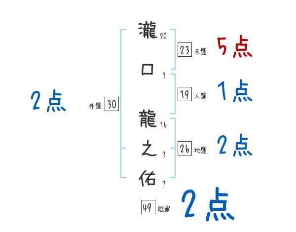 天運![]() | 瀧口龍之佑さんの天運は23画の5つ星!想像力に優れ活力がある。一代で成功し名誉を手に入れる。 家系が持つ宿命的な運勢を表します。祖先から受け継いだ苗字ですので自分の力が及びません。家柄を象徴します。 |
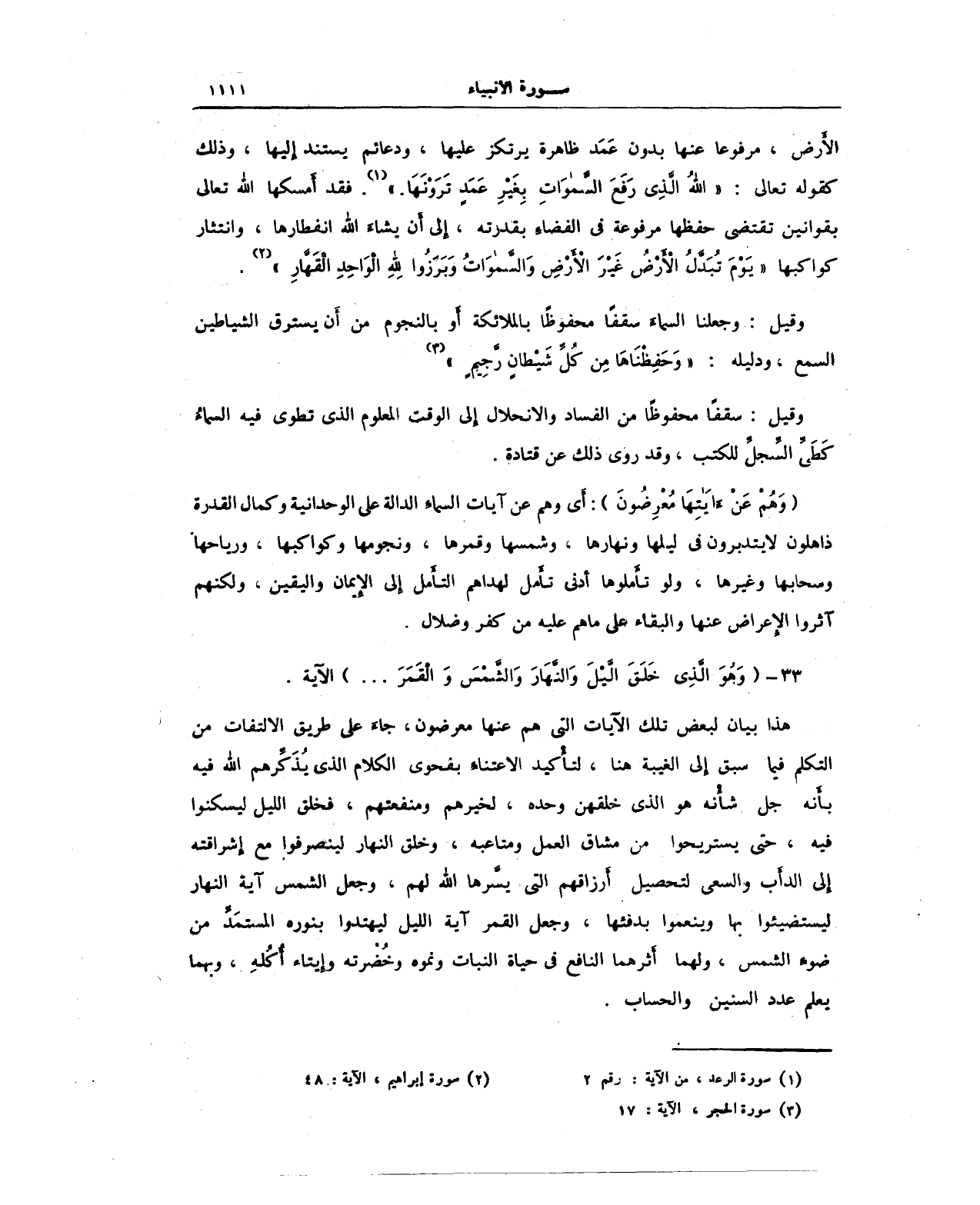 33 - {وَهُوَ الَّذِي خَلَقَ اللَّيْلَ وَالنَّهَارَ وَالشَّمْسَ وَالْقَمَرَ .... } الآية.
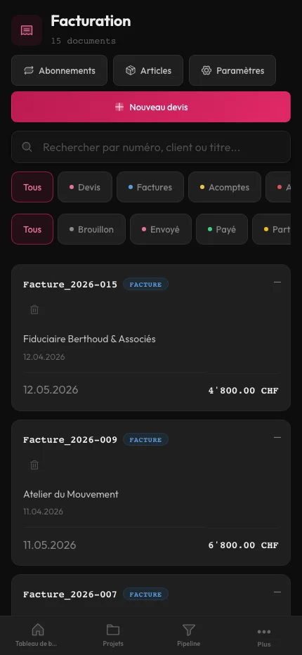 Créez un devis, convertissez-le en facture en un clic, enregistrez un acompte, encaissez le solde, créez une note de crédit si nécessaire — tout reste lié, versionné et traçable. Numérotation automatique avec pattern configurable ({YEAR}{PREFIX}{SEQ}). Lignes avec articles préparamétrés ou libres, rabais par ligne ou global, TVA configurable.
━━━━━━━━━━━━━━━━
— Task requirements —
Ignore the images and quote every line of the listing exactly.

— Your solution —
 天運![]() | 瀧口龍之佑さんの天運は23画の5つ星!想像力に優れ活力がある。一代で成功し名誉を手に入れる。 家系が持つ宿命的な運勢を表します。祖先から受け継いだ苗字ですので自分の力が及びません。家柄を象徴します。 |
 33 - {وَهُوَ الَّذِي خَلَقَ اللَّيْلَ وَالنَّهَارَ وَالشَّمْسَ وَالْقَمَرَ .... } الآية.
 Créez un devis, convertissez-le en facture en un clic, enregistrez un acompte, encaissez le solde, créez une note de crédit si nécessaire — tout reste lié, versionné et traçable. Numérotation automatique avec pattern configurable ({YEAR}{PREFIX}{SEQ}). Lignes avec articles préparamétrés ou libres, rabais par ligne ou global, TVA configurable.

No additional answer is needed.